Producer John Snyder had always wanted
to record alto saxophonist Art Pepper and booked him into a week at the Village
Vanguard in New York. At the time, Pepper was under contract to Contemporary
Records, whose label head, Les Koenig, decided he would record the gigs,
quashing any notion Snyder had of doing the same. However, Art promised Snyder
that he’d record an album for Snyder’s label, Artists House, at some point down
the road. Together they wound up making four.
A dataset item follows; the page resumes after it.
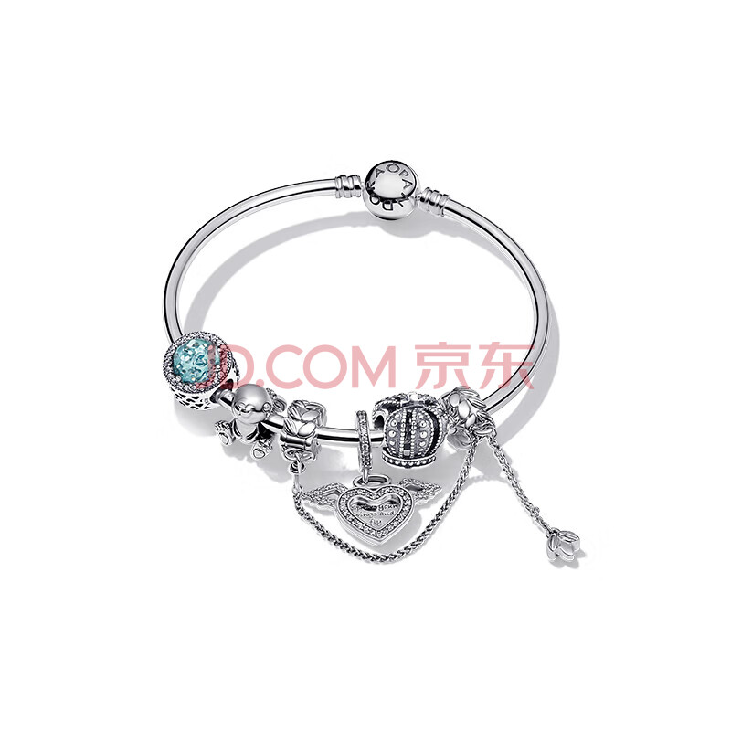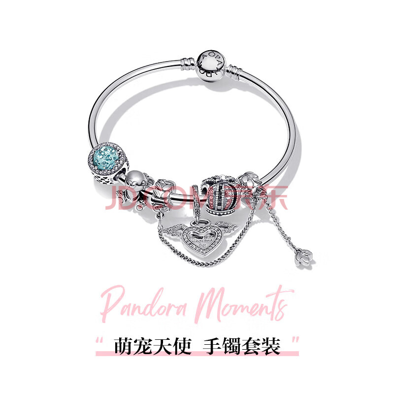 商品相册:潘多拉(PANDORA)萌宠天使手镯套装银白色浅蓝可爱生日礼物送女友第

Omnivore Recordings will make available for the first time
the complete Artists House sessions including 19 previously unissued takes. The
original albums drawn from these sessions, So In Love, Artworks, New York
Album, and Stardust, have been remastered and expanded with additional takes,
some having appeared previously on releases such as The Complete Galaxy
Recordings and Artists House—Complete (download only), while some appear here
for the first time.
The five-CD set, also available on Digital, will be
available September 23, 2019.
“Art Pepper had had a brilliant career as a jazz soloist and
band leader until the mid-1950s when he started using heroin,” writes Pepper's
widow, Laurie Pepper, who contributed the liner notes for the set. “After that,
incarcerations and treatments in prisons and hospitals kept him off the stages
and out of the studios. He was only able to record sporadically until he got
(relatively) sober in Synanon in 1972, and married — me. Then, in the last ten
years of his life, he composed, recorded, and toured more ambitiously than ever
before, focused on securing his place among the true jazz greats — where he
knew he belonged.”
In addition to her liner notes, Laurie Pepper provided
photographs she took at the sessions. Altogether, this is the most
comprehensive window onto the Artists House sessions ever likely to be.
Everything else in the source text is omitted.